Mastering ‘Metrics by Josh Angrist and Jorn-Steffen Pischke
I always tell myself I won’t read economics books, yet here I am again. That said, I consider econometrics to be its own field. The part of economics that I don’t want to read anymore are the theoretical models that overfit past observations and struggle to hold water once the real world no longer fits the model (see: interest rates, economic growth, etc). There’s nothing inherently bad about wrong models. All of science is basically a model that we keep updating as we learn more about how the world works. The problem with economic models is that they are ultimately about human behavior, and there is a weird feedback loop where humans behave a certain way because we think that we behave/should behave/have behaved/will behave a certain way. This agency is in contrast to other sciences where our models are (we think) exogenous to the entity we want to predict or understand. To me, econometrics fits in this latter category despite having the “econ” root in its name. It is more about data science than economic theory, and a lot of the material in this book is eerily relevant to my work. Also eerie is how much of this I’ve forgotten. I’m pretty sure I had learned everything in this book at some point in my life, so it’s great that there’s such a digestible book on econometrics. I wish there were more books like this on other topics that traditionally live in clunky textbooks. The kung fu master theme throughout was a bit much and seemed forced, but it created a lighthearted tone to the book that made it a much more lively read.
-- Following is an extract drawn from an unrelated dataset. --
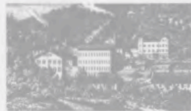
JUNGHANS UHREN IN SCHRAMBERG. SEIT 1861

ZEIT FÜR TRADITION. ALLE TECHNOLOGISCHEN ERFOLGE HABEN IHRE WÜRZELN IN EINER LANGEN TRADITION. SEIT 1861 BAUT JUNGHANS UHREN IN HANDWERKLICHER VOLL- ENDUNG. MECHANISCHE MEISTERWERKE, DEREN FASZINATION DIE ZEIT ÜBERDAUERN. EINIGE DAVON LÄBT JUNGHANS ALS REPLIKEN IN SEINER KOLLEKTION JUNGHANS MEISTER WIEDER AUFLEBEN.

1) Robert Frost wrote “The Road Not Taken.”
I loved how the authors used this poem to illustrate that one observation is one observation and you can’t know what would have happened otherwise. Establishing apples-to-apples comparisons is the core challenge in measuring casual effect. It’s also a concept that I think most people should be more mindful of in daily life. For example, there are no real answers to questions like “Is Harvard better than Yale?” A Harvard student only experiences Harvard. Even if they transferred to Yale, they are still biased by having gone to Harvard. Econometrics is about finding ways to answer these questions – via running experiments or leveraging other randomness and assumptions.
2) RAND HIE (Health Insurance Experiment) and a subsequent Oregon study results suggest that insurance coverage increases use of health services but does not improve health.
I’m pretty sure I worked on this Oregon study during my freshman UROP. It’s really crazy that I know some key players in the national healthcare insurance arena. Reminder: healthcare is completely broken in America.
3) Estimated standard error of the sampling mean
Find you someone who can explain this correctly.
4) The building block of regression analysis is finding pairs of people and comparing them.
Again, the key is to find data points that are truly comparable. Regression (and ML) Python functions are abstracted so far away from the core concept that anyone can run a regression and have no idea what it’s actually doing.
5) Omitted variable bias is the difference between short and long regression coefficients.
I had omitted OVB from my memory.
6) Using ln(Y) is useful because then you can interpret coefficients as a percentage change in Y.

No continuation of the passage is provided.